Stored records:
_ _ _ _ _

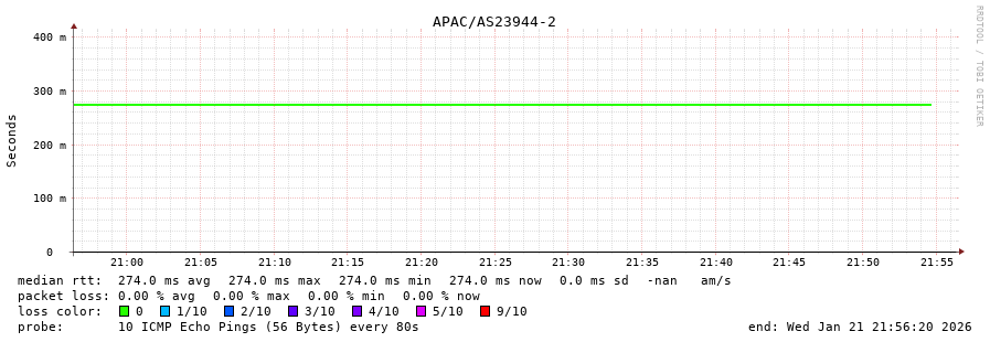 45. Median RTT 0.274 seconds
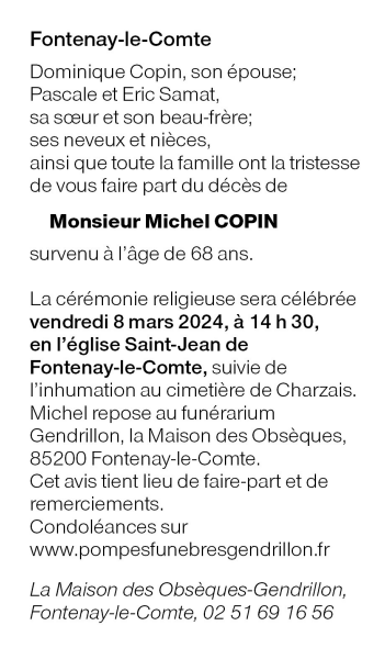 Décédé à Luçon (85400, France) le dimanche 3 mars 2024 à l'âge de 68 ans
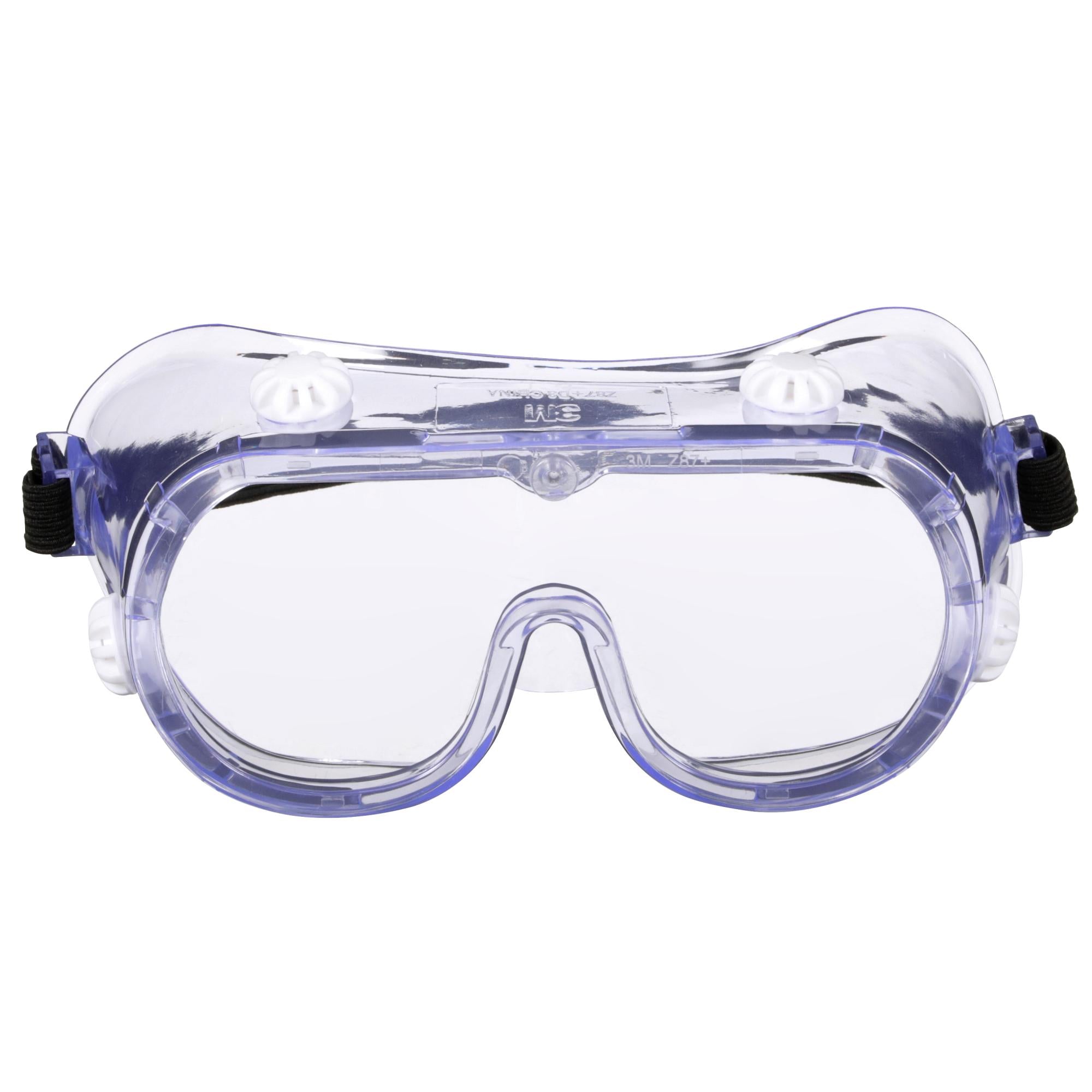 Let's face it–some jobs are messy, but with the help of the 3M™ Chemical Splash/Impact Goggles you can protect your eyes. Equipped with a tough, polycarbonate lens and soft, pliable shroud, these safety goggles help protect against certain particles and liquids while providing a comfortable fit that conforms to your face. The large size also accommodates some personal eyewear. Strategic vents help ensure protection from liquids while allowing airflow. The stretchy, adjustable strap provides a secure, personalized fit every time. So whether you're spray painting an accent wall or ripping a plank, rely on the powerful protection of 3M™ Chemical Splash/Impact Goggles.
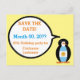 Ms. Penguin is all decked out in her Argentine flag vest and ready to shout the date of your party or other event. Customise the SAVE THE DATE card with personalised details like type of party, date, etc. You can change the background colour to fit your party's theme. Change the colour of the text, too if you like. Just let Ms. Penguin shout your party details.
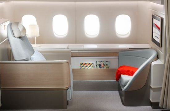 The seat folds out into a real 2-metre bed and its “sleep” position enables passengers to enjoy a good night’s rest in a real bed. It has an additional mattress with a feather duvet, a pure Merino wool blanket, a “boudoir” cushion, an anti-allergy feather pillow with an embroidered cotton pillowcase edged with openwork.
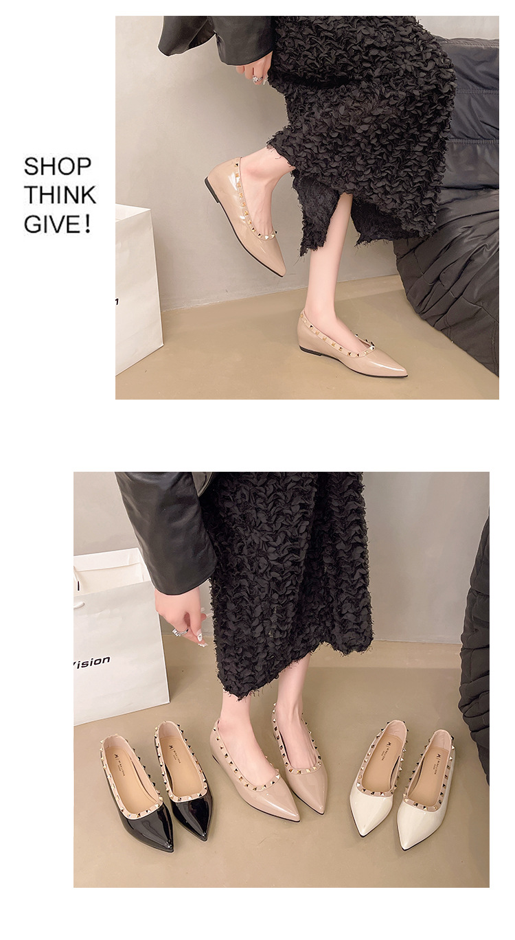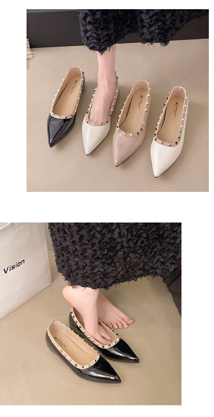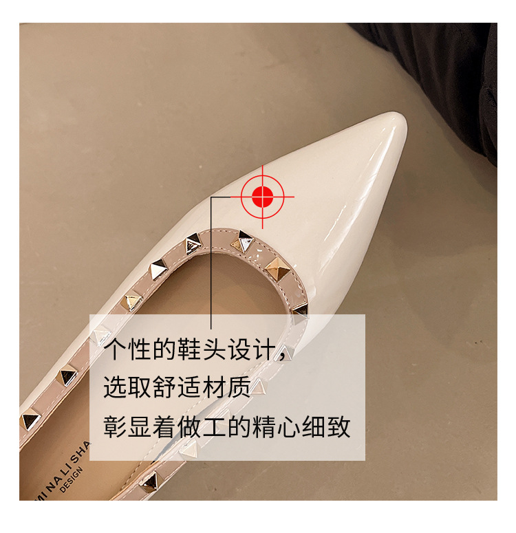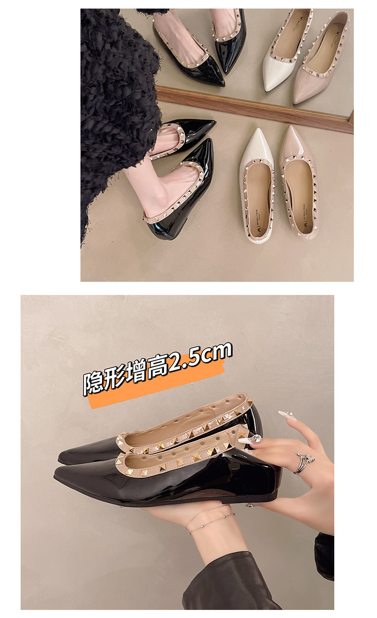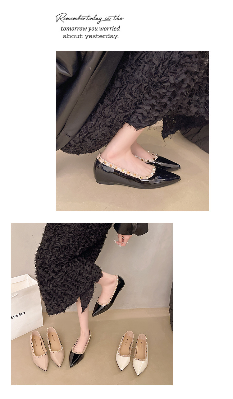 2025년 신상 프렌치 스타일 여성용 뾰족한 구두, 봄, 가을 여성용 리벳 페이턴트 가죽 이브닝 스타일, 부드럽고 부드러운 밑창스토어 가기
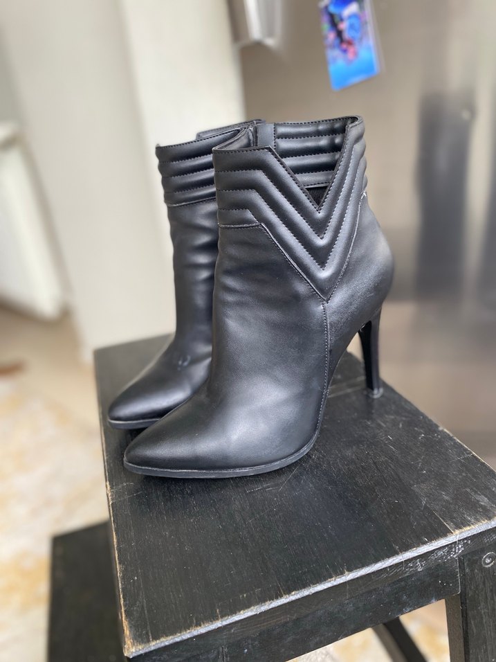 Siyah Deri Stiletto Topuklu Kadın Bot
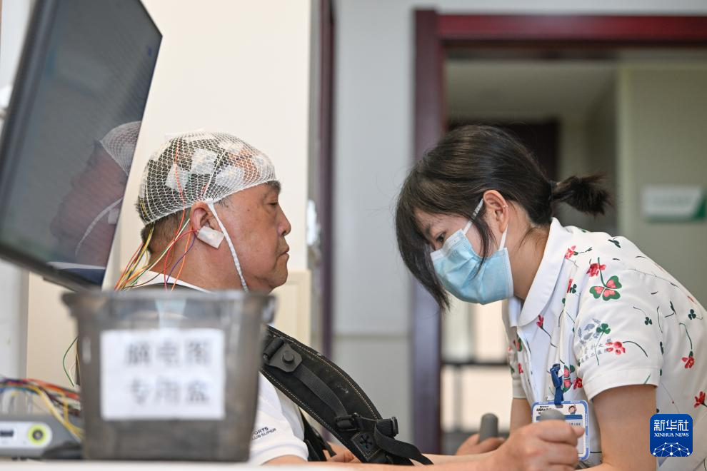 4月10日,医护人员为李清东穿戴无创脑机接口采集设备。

_ _ _ _ _

ASSIGNMENT = Give again, word for word, the line that contains "Ms. Penguin is" and every line after it through the end of the entries; omit the pictures.

RESPONSE FOR THIS EXERCISE =
 Ms. Penguin is all decked out in her Argentine flag vest and ready to shout the date of your party or other event. Customise the SAVE THE DATE card with personalised details like type of party, date, etc. You can change the background colour to fit your party's theme. Change the colour of the text, too if you like. Just let Ms. Penguin shout your party details.
 The seat folds out into a real 2-metre bed and its “sleep” position enables passengers to enjoy a good night’s rest in a real bed. It has an additional mattress with a feather duvet, a pure Merino wool blanket, a “boudoir” cushion, an anti-allergy feather pillow with an embroidered cotton pillowcase edged with openwork.
 2025년 신상 프렌치 스타일 여성용 뾰족한 구두, 봄, 가을 여성용 리벳 페이턴트 가죽 이브닝 스타일, 부드럽고 부드러운 밑창스토어 가기
 Siyah Deri Stiletto Topuklu Kadın Bot
 4月10日,医护人员为李清东穿戴无创脑机接口采集设备。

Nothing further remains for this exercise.